- [Recorded data]
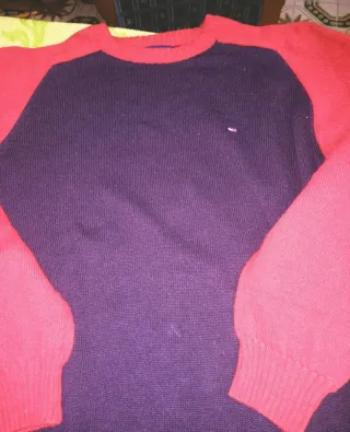 Jersey juvenil tipo Tommy Hilfiger,de lana color rojo y azul marino. - Combinación de azul marino y rojo. - Tejido de lana punto. - Cuello redondo clásico.
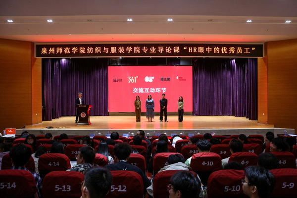 当天授课的企业HR有福建柒牌时装科技股份有限公司电商HRBP陈燕婷、三六一度(中国)有限公司招聘副经理洪德鸿、厦门贝贝怡婴童用品有限公司人力经理夏娜、利郎(中国)有限公司招聘培训经理陈燕红、福建凤竹纺织科技股份有限公司人事行政部经理胡志吉。黄国波向各位嘉宾、教师代表表示热烈欢迎和衷心感谢。他希望同学们能珍惜此次宝贵的学习机会,借助企业HR的角度进一步认识纺织鞋服产业发展前景,理解本专业的内涵特点、技术发展动向以及就业形势,更好地把握行业、企业、职业和专业之间的紧密联系。
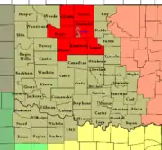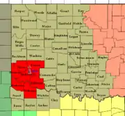 The Norman Weather Forecast Office – which operates as a branch of the National Weather Service's Southern Region Headquarters (SRH) division – manages three NEXRAD (WSR-88D) Doppler weather radar sites that cover its area of forecasting responsibility, based in Oklahoma City (radar identification code: TLX), serving central Oklahoma; Frederick (FDR), serving southwestern Oklahoma and western north Texas; and at Vance Air Force Base (VNX), serving north-central and northwestern parts of Oklahoma, and portions of southern Kansas.[2] The office has earned widespread recognition from local media outlets, especially in concern with certain weather conditions that are or are forecast to occur.[3][4] It has also received attention from national media, and was even recognized by United States President Barack Obama.[5][6][7]

- [Exercise goal]
Pictures should not appear in the copy. Write out exactly the lines above from the first one through the line that contains "当天授课的企业HR有福建柒牌".

- [Response box]
 Jersey juvenil tipo Tommy Hilfiger,de lana color rojo y azul marino. - Combinación de azul marino y rojo. - Tejido de lana punto. - Cuello redondo clásico.
 当天授课的企业HR有福建柒牌时装科技股份有限公司电商HRBP陈燕婷、三六一度(中国)有限公司招聘副经理洪德鸿、厦门贝贝怡婴童用品有限公司人力经理夏娜、利郎(中国)有限公司招聘培训经理陈燕红、福建凤竹纺织科技股份有限公司人事行政部经理胡志吉。黄国波向各位嘉宾、教师代表表示热烈欢迎和衷心感谢。他希望同学们能珍惜此次宝贵的学习机会,借助企业HR的角度进一步认识纺织鞋服产业发展前景,理解本专业的内涵特点、技术发展动向以及就业形势,更好地把握行业、企业、职业和专业之间的紧密联系。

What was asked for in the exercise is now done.